# Bell microSIM Card



## thadley (Jul 8, 2008)

Can anyone who has either picked up a 3G iPad from an Apple Store or visited a Bell store tell me how I can get ahold of a Bell microSIM? I ordered the Rogers one with the iPad but would like to try Bell's network. 

I went to talk to a guy at a Bell store yesterday and he said that the iPads ship, internationally, with an "unlocked" SIM that can be used on Bell and Rogers. I've never heard of such a thing and it took a lot of willpower not to call BS on him, but maybe I'm not as up on telco stuff as I think I am? He said they would not be selling microSIMs and that no carrier stores would be selling them. I have a feeling the last part is completely wrong, however.


----------



## Freddie (Jun 27, 2004)

According to the Bell site the sims are only available from Apple, FutureShop and BestBuy, doesn't make sense to me that they don't carry it themselves.

bell.ca


----------



## iphoneottawa (Apr 21, 2010)

Bell announces iPad 3G rate plans

Posted by digitalhome on May 27, 2010 · 
Bell has announced it will offer data plans for the 3G enabled iPad which goes on sale tomorrow in Canada.
The company says it will offer two thirty day plans to iPad owners with a Bell Micro Sim card: a 250MB and 5GB plan for $15 and $35 respectively.
The prices are identical to those announced by Rogers Wireless earlier this month. Both companies also offer free WiFi access to purchasers at hotspot locations across the country. The only significant difference between the Bell and Rogers offering is that Bell offers 824 hotspots across Canada versus 373 public hotspots for Rogers Wireless. Data usage over WiFi at Bell Hotspots does not count towards your 30 day data usage plan.
Micro Sim cards for Rogers and Bell are an additional $10 each.
The Canadian rate plans are close to those in the U.S. where Apple charges $15 U.S. for a 250 MB plan and $30 for unlimited data usage every 30 days.
The plans will expire at the end of thirty days or up when the data limit has been reached. Users will receive onscreen messages when they get close to their limit so they won’t inadvertently exceed their limit. Once informed users can choose to turn off 3G access.
.


----------



## LionTamer (Jun 23, 2006)

At the Apple Store, they offered the choice of Rogers or Bell sim card. I selected Bell, and it rang up with a price of $0.


----------



## thadley (Jul 8, 2008)

LionTamer, do you know if Bell is offering on-device activation? Heard a rumour only Rogers was.


----------



## Macified (Sep 18, 2003)

BestBuy was including a free sim from Rogers, Bell or Telus this morning. Don't know if they'll just give you one if you aren't buying a unit from them. They might. They had lots as they are the new combo SIM/Micro SIM card.


----------



## LionTamer (Jun 23, 2006)

thadley said:


> LionTamer, do you know if Bell is offering on-device activation? Heard a rumour only Rogers was.

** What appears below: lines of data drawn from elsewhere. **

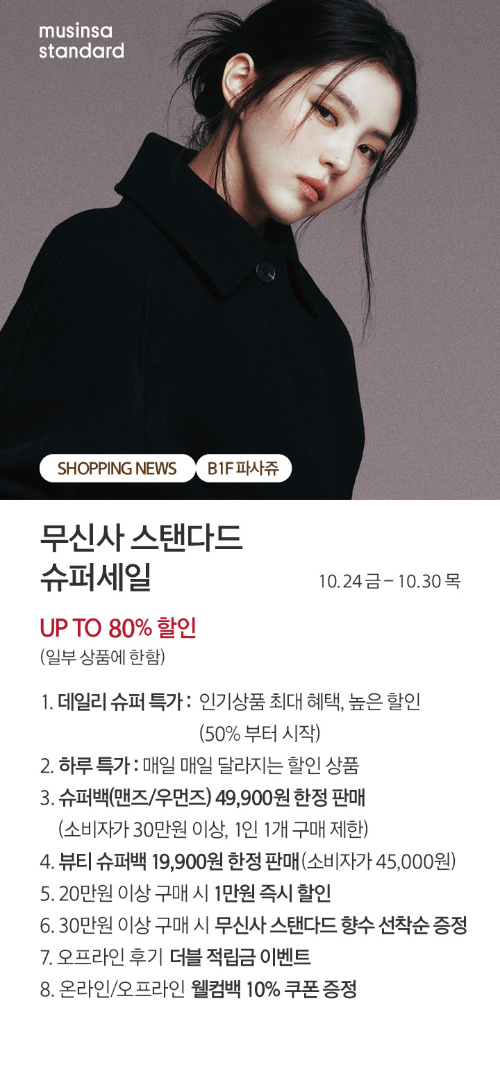 상품행사 SHOPPING NEWS 10.24-10.30, B1F 파사쥬 페이스북에 공유하기 카카오스토리로 공유하기 PREV 목록 NEXT 설 선물세트 예약 판매는 아래 번호로 문의 부탁드립니다. 광교 031.5174.6096-9 확인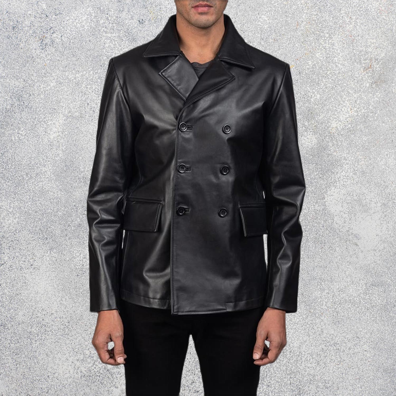 Equipped with two outside waist pockets and two inside pockets, it offers ample space for carrying daily essentials. The sleek black color and tailored fit make the Bailey Black Leather Naval Peacoat an essential wardrobe staple for individuals who appreciate refined outerwear.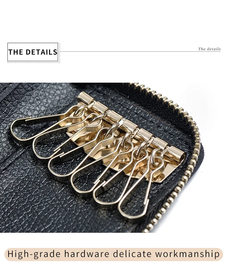 钥匙包右边有6个钥匙挂钩,可以放加长的钥匙,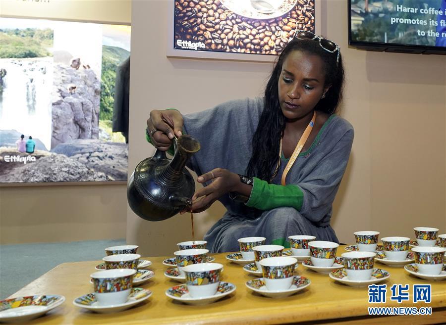 11月6日,在首屆中國國際進口博覽會上,埃塞俄比亞參展人員為參觀者倒咖啡。新華社記者 沈伯韓 攝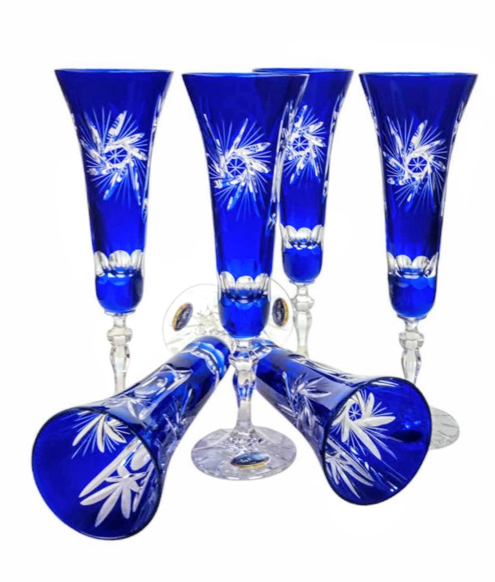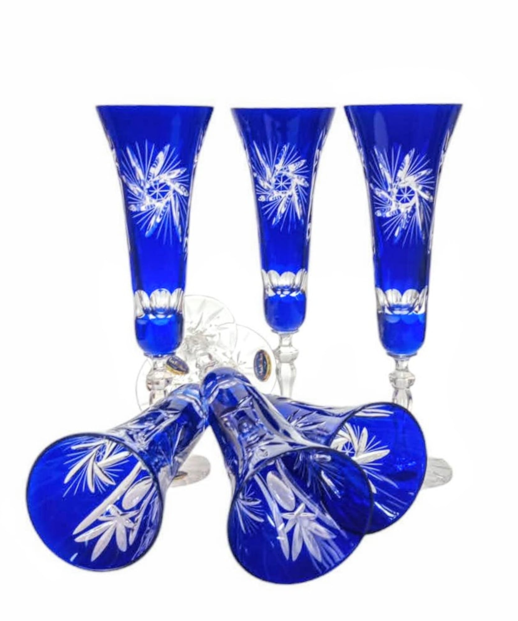 Piękne ręcznie malowane i zdobione kieliszki Idealnie nadające się do win musujących i szampana. Kieliszki wykonane są od początku do końca ręcznie. Już sam kształt kieliszka wydmuchiwany jest przez hutnika, następnie każdy kieliszek poddawany jest ręcznej obróbce przez naszych Mistrzów Zdobienia.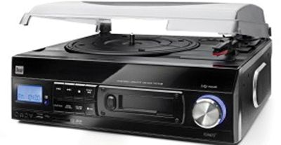 Direkte MP3-Umwandlung (Encoding) von Schallplatte oder Kassette auf USB-Stick/Speicherkarte. Integriertes Kassettendeck, eingebaute Lautsprecher (2 x 3 Watt), MP3-Wiedergabe von USB-Stick oder SD-Karte, Integriertes PLL-FM-Radio, Schallplattenspieler mit Riemenantrieb – 2 Drehgeschwindigkeiten (33/45).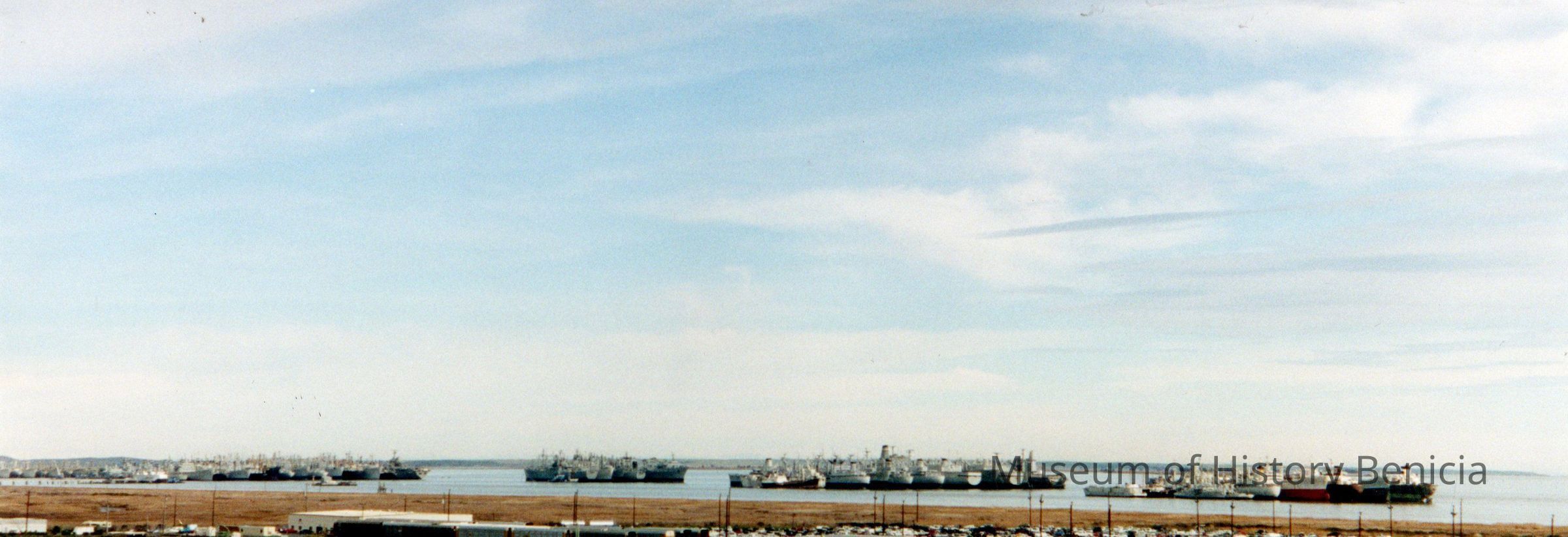 Color photograph. Panoramic view of five rows of the mothball fleet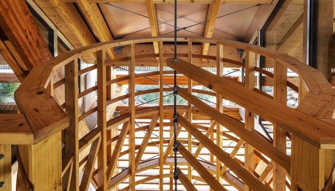 pohled vidět, jak správně tvarované dřevo může vytvářet krásu v prostoru, aniž

Just messing around in settings, there doesn't appear to be an on-device activation...so actually I don't know what to do to activate. Do I have to call Bell every time I want to activate or deactivate service?


----------



## brett (May 27, 2007)

When I turn off wifi and connect to 3G, I get a message in safari to call bell in order to activate. That's really inconvenient, I hope they change this soon and allow on-device activations.


----------



## brucebeh (Sep 22, 2007)

When I called into activate it, she told me before the 30 days is up, they should have a system setup for automatic renewal and presumably on-device activation... I saw a news article saying the carriers need to install some back end software for it [on-device activation] to work properly.


----------



## thadley (Jul 8, 2008)

Apple gave me one for free, didn't buy an iPad from them directly. Aaaaaand I promptly lost it and have to go back out and get a new one! Gah!


----------



## dhc (May 29, 2010)

*IPAD Bell Issue*

Please help. I have a US purchased iPad 3G which I activated today with bell service micro sim. I had to call Bell to activate, but I initially had problem. I had to then manually enter the APN number which is pda2.bell.ca under the cellular data section. This solved the problem, but I cannot see "view my account" at all. So I cannot check the balance etc. Is this a problem with bell or is it because I am using a US iPad linked to US iTunes with my Canadian bell service?


----------



## iphoneottawa (Apr 21, 2010)

Did you try to sync and update your carrier software?


----------



## stingko (Apr 14, 2008)

dhc said:


> Please help. I have a US purchased iPad 3G which I activated today with bell service micro sim. I had to call Bell to activate, but I initially had problem. I had to then manually enter the APN number which is pda2.bell.ca under the cellular data section. This solved the problem, but I cannot see "view my account" at all. So I cannot check the balance etc. Is this a problem with bell or is it because I am using a US iPad linked to US iTunes with my Canadian bell service?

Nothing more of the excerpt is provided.